Now I know who lives in your house, I have a copy of the key I can walk into your house and start using your phone. Maybe I can sit at your computer and start crafting emails and sending them out. In technical terms the spammer would actually use your email address and passwords to start sending email from their own computer. Since they can successfully login to your email account they can also use it to send emails. Possibly obtain email addresses you are sending to or receiving from and over time they accumulate valid email addresses that exist making their job much easier. Many email servers will expect people to be mobile therefore sending emails from several devices and/or locations is normal now. A spammer could just be one of those devices in a different location sending emails to people you know or don’t know. They are using your email account for sending. Change your passwords often to slow down this activity!
What is a black list?
We described the white list above. A black list is a list of street names that you won’t accept mail from. If someone lives on 76th avenue and that street name is on the black list, I won’t accept anyone trying to send me mail from that street. While it is possible to be removed from the black list, a street name can be added there accidentally from some of the common reasons above. Normally a spam filtering service will detect the street names that need to be added to the black list. Without spam filtering services black lists would be much smaller and offer very little protection from spam. This is another important reason to use a hosted email spam filtering service.
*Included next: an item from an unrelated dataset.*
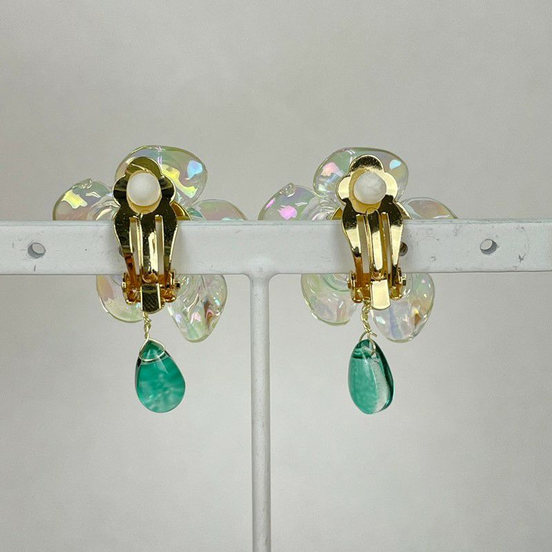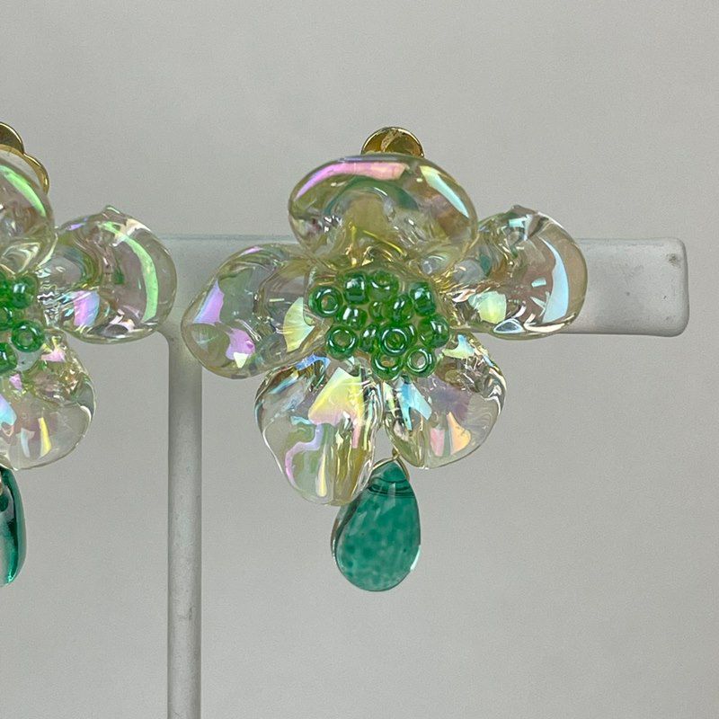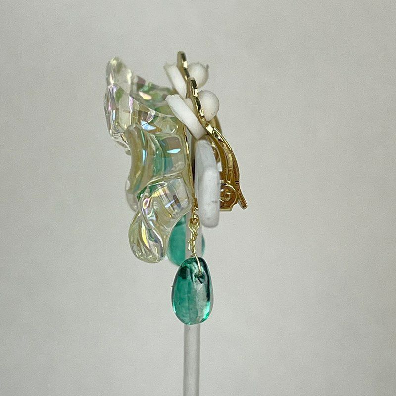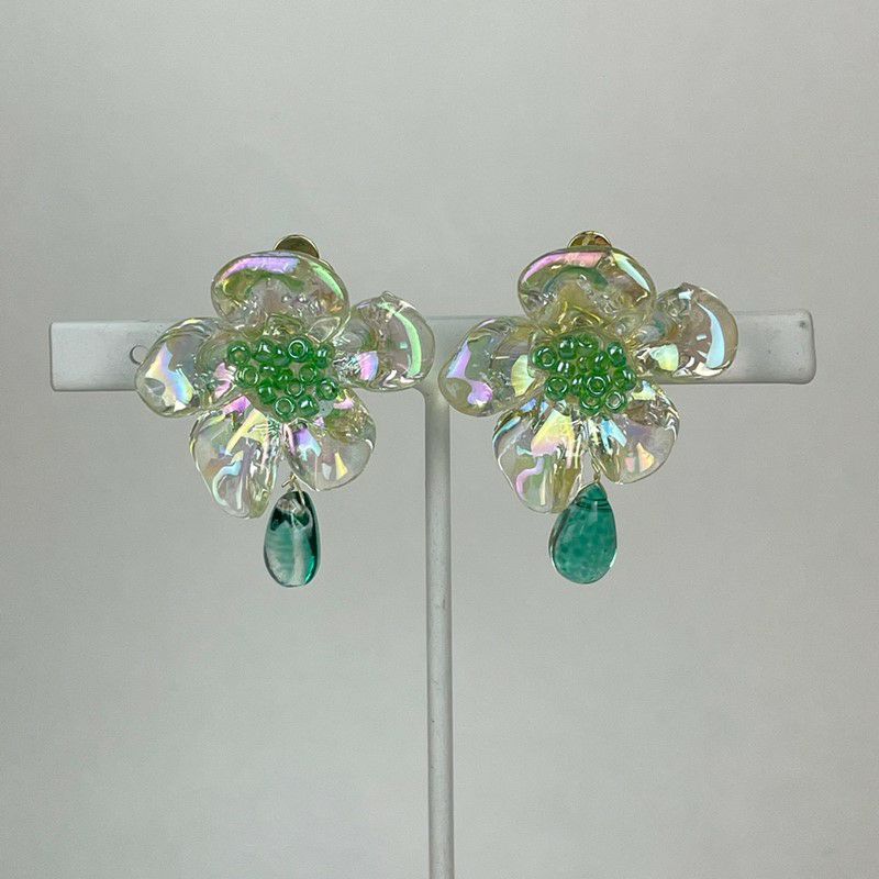 フラワー デザイン イヤリング クリア グリーン

It helps build up this list that helps protect more people. When you mark an email message in Outlook as spam or junk, it only adds that sender to your local black list. This only helps in a very small way because the email address email@example.com is blocked but now Mr Junk sends you a message from firstname.lastname@example.org and it can still get through. Do yourself a favour and get real spam protection.
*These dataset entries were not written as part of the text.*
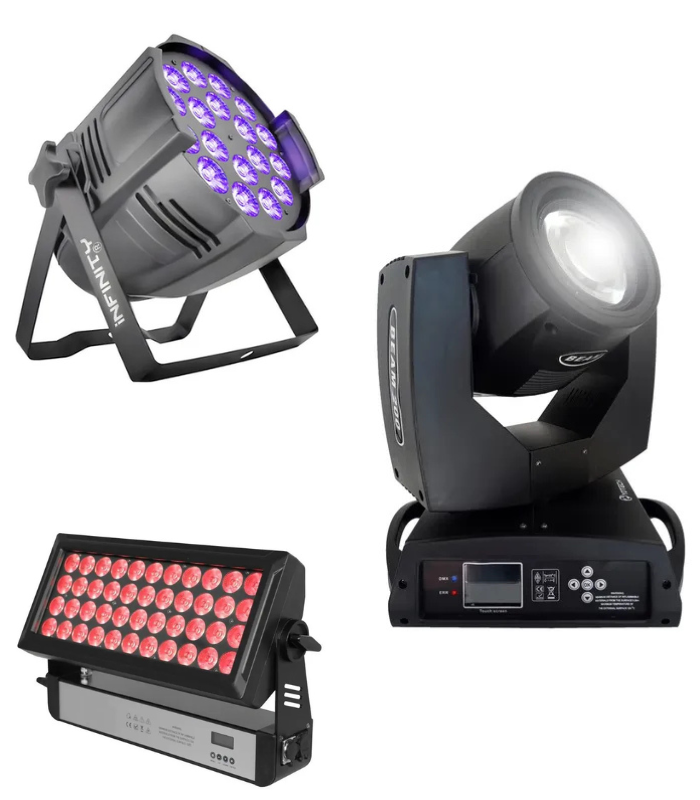 Trabalhamos com refletores LED, iluminação cênica, spots direcionais e controladores DMX, ideais para valorizar a identidade visual do evento, destacar palcos, painéis e estandes, além de criar ambientes sofisticados e bem iluminados, independentemente do porte do espaço.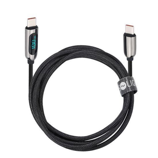 Solight USB-C kabel s displejem, USB-C konektor - USB-C konektor, 100W, 1m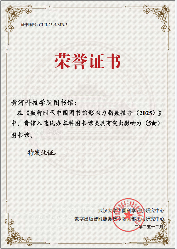 近日,在武汉大学中国科学评价研究中心(RCCSE)最新发布的《数智时代中国图书馆影响力指数报告(2025)》中,我校图书馆以卓越表现,获评最高等级的“民办本科院校图书馆-突出影响力(5★)图书馆”,在全国民办本科高校中综合得分第三,河南省民办高校位列第一。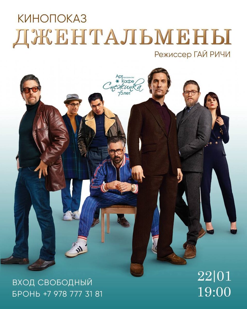 » Стильная криминальная комедия Гая Ричи. Ирония, британский юмор, неожиданные повороты сюжета и харизматичные герои — фильм, который смотрится на одном дыхании, а так же вкусно по ужинаем 👉 Когда? 22 января в 19:00 👉 Где? арт-кафе «Снежинка» 👉 Бронь: +7(978)-777-31-81 ✨Давай сходим, Севастополь | Читайте и смотрите нас в МАХ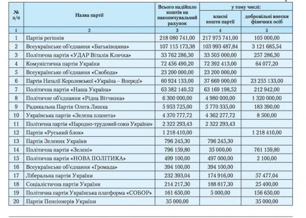 З цих звітів дізнаємося, наприклад, що Партія регіонів зібрала удвічі більше коштів, ніж "Батьківщина", а партія Наталії Королевської зі своїми 60 мільйонами потрапила у п’ятірку найзаможніших за надходженнями до передвиборчого фонду.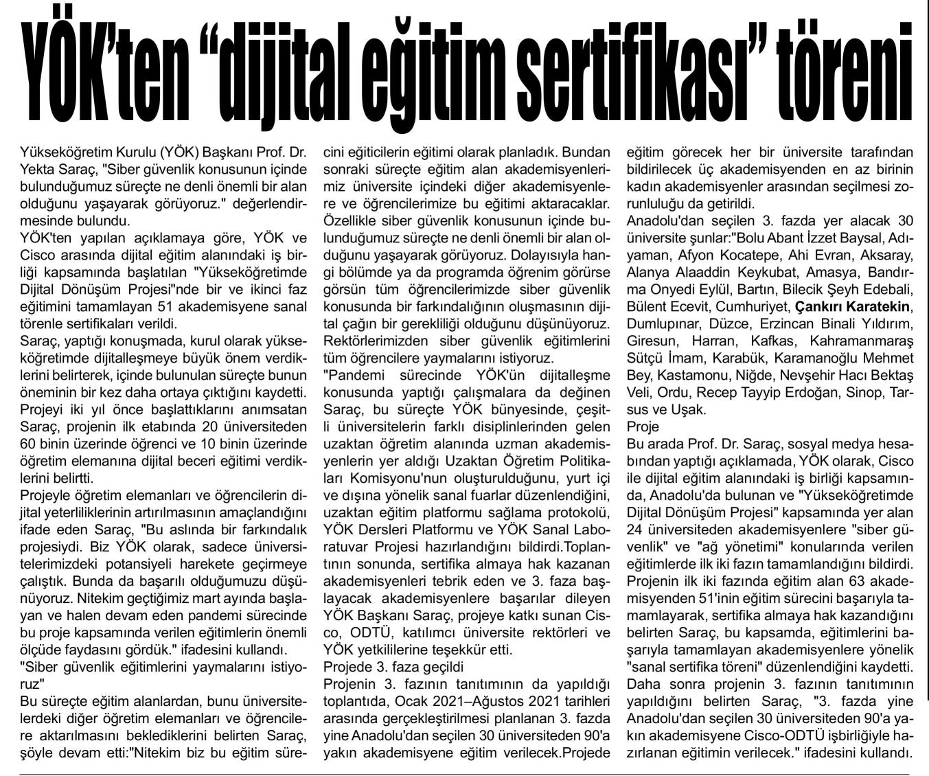 YÖK'TEN DİJİTAL EĞİTİM SERFİTİKASI TÖRENİ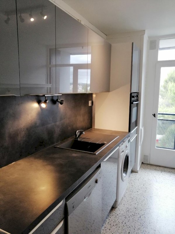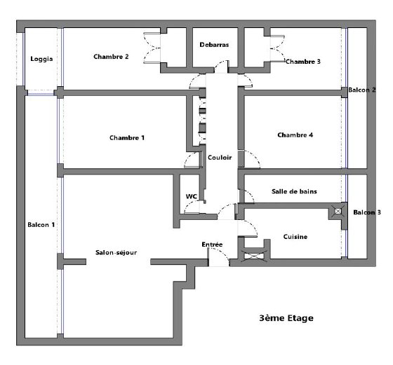 Montpellier, quartier Saint Clément, T5 traversant de 114m² (Carrez), orienté SE/NO, situé au 3ème et dernier étage (sans ascenceur) d’une résidence des années 70. Salon/séjour SE donnant sur un grand balcon. Cuisine équipée, avec double vitrage, orientée NO, donnant sur un petit balcon. SDB avec fenêtre à double vitrage. Grand couloir donnant sur quatre chambres (ou bureau) dont 2 avec climatisation réversible (2024), une avec loggia et double vitrage. Box individuel dans parking collectif fermé, cave. Chaudière à condensation (2023). Diagnostics conformes, classe énergétique D. Proximité immediate écoles maternelle et primaire, collège, lycée, arrêt tram.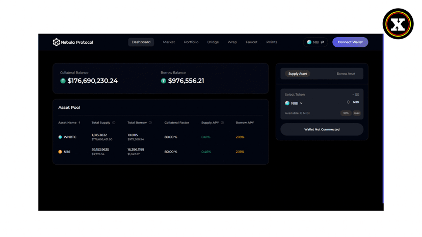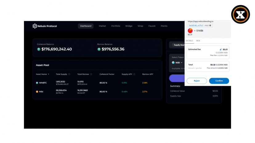 - Geben Sie einen Betrag von $NIBI ein, den Sie leihen möchten.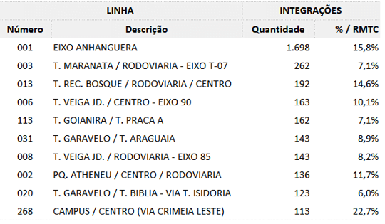 Além do Eixo Anhanguera, outras linhas registraram números expressivos de validação pelo Bilhete Único. O segundo lugar ficou com a linha 003 – Terminal Maranata/Rodoviária-Eixo-T-07, com 262. Aparecem ainda a linha 013 – Term. Recanto do Bosque / Rodoviária / Centro, com 192 embarques; e linha 006 – Term. Veiga Jardim / Centro – Eixo 90, com 163 validações.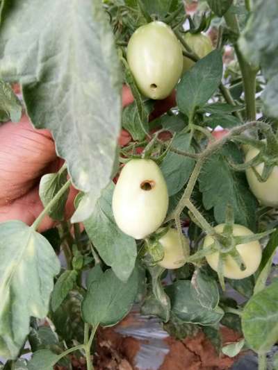 Venkatarama Reddy It seems the attack of tomoato fruit borer. Removed the damaged fruits & buried them into soil. Do the applicaton of lamdacylothrine to kill their adults.

Why is a black list bad for businesses?
If a spammer has successfully infiltrated an email account for sending and they start using it to send messages that contain spam or viruses and these messages are flagged as spam by the receiving server, that server now sends your email servers IP address (street name) to a black list. When a street name has been added to a black list now everyone living with that domain name (street name) will begin to experience email not being received by their recipients. The reason is because as a basic defence, an email server will check black lists to prevent spammers that are trying to send emails in the manners described above defending your mailbox against the most common types of attacks. For a long time spammers have been using their own domain names because it allows them to electronically move to a different street name rendering the black lists temporarily useless. If a server knows that a spammer lives on a certain street name, they don’t accept email from anyone living on that street. If a business is added to a black lists now important emails are not getting to your customers. Imagine not being able to email quotes, invoices or losing customers.
I use my Junk Mail Filter, isn’t that enough?
Junk mail filters are great, probably a good line of defense if you live on a busy street like hotmail or gmail. To adequately protect ourselves from the situations outline above a spam filtering service is ideal. It helps protect the mailbox, the server and everyone that lives on the same street name. It is highly recommended that spam filtering services are used and if there are lot of people that can be affected from your domain name (street name) it is strongly recommended that it be used to protect everyone as a group. The damaging effects of a spammer infiltrating 1 mail box can wreak havoc in many ways over time.
Tips to protect yourself from spam?
1. Use non-descriptive names (house numbers)
2. Move away from heavily targeted streets (eg: gmail)
3. Change passwords every 30-60 days.
4. Protect your address book.
5. Protect your domain with spam filtering services.
6. Businesses should Implement inbound and outbound filtering services.